We can inspect the saved DIN model by using SavedModel CLI described in official doc. By default, it is bundled with TensorFlow. The following command will output:

$ saved_model_cli show --dir tf_model/din/1 --all
MetaGraphDef with tag-set: 'serve' contains the following SignatureDefs:

signature_def['predict']:
  The given SavedModel SignatureDef contains the following input(s):
    inputs['dense_values'] tensor_info:
        dtype: DT_FLOAT
        shape: (-1, 1)
        name: Placeholder_6:0
    inputs['item_indices'] tensor_info:
        dtype: DT_INT32
        shape: (-1)
        name: Placeholder_1:0
    inputs['sparse_indices'] tensor_info:
        dtype: DT_INT32
        shape: (-1, 5)
        name: Placeholder_5:0
    inputs['user_indices'] tensor_info:
        dtype: DT_INT32
        shape: (-1)
        name: Placeholder:0
    inputs['user_interacted_len'] tensor_info:
        dtype: DT_FLOAT
        shape: (-1)
        name: Placeholder_3:0
    inputs['user_interacted_seq'] tensor_info:
        dtype: DT_INT32
        shape: (-1, 10)
        name: Placeholder_2:0
  The given SavedModel SignatureDef contains the following output(s):
    outputs['logits'] tensor_info:
        dtype: DT_FLOAT
        shape: (-1)
        name: Reshape_4:0
  Method name is: tensorflow/serving/predict

The above result shows this DIN model needs 6 inputs, i.e. user_indices, item_indices, sparse_indices, dense_values, user_interacted_seq, user_interacted_len. But this only applies to DIN and other models may have different inputs.

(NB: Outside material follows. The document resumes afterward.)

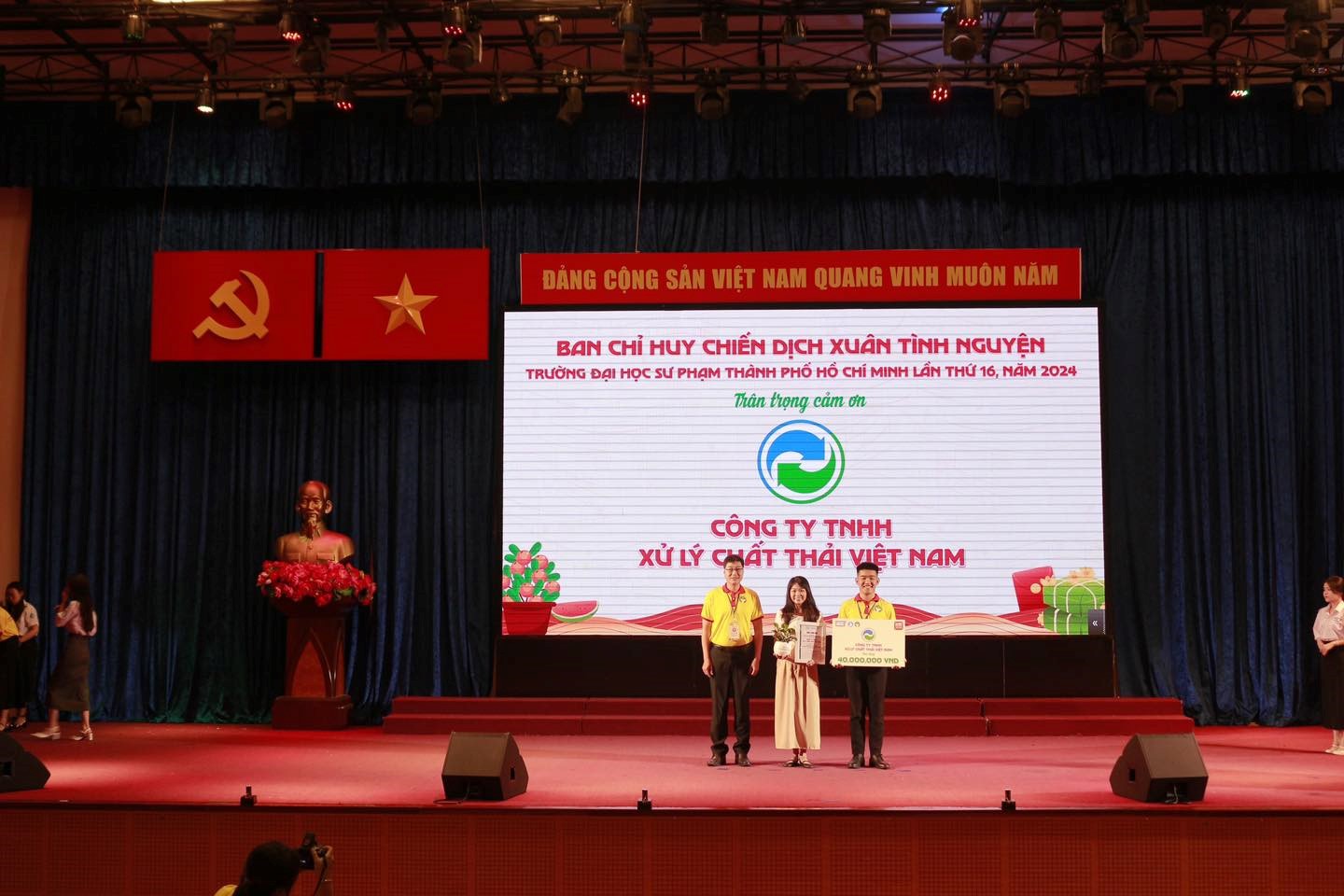 Thầy Nguyễn Ngọc Trung trao thư cảm ơn cho nhà tài trợ và đồng chí Nguyễn Đặng Hoàng Trọng nhận bảng tượng trưng từ nhà tài trợ Công ty xử lý chất thải Việt Nam

  • For NCF model, only user_indices and item_indices are needed since it’s a collaborative-filtering algorithm.

  • For WideDeep, FM, DeepFM, AutoInt, since they don’t use behavior sequence information, 4 inputs are needed: user_indices, item_indices, sparse_indices, dense_values.

  • Finally, YouTubeRanking has same inputs as DIN. They both use behavior sequence information.

However, these are just general cases. Suppose your data doesn’t have any sparse feature, then it would be a mistake to feed the sparse_indices input, so these matters should be taken into account. This is exactly where a library fits in, and LibRecommender can dynamically handle these different feature situations. So as a library user, all you need to do is specifying the correct model path.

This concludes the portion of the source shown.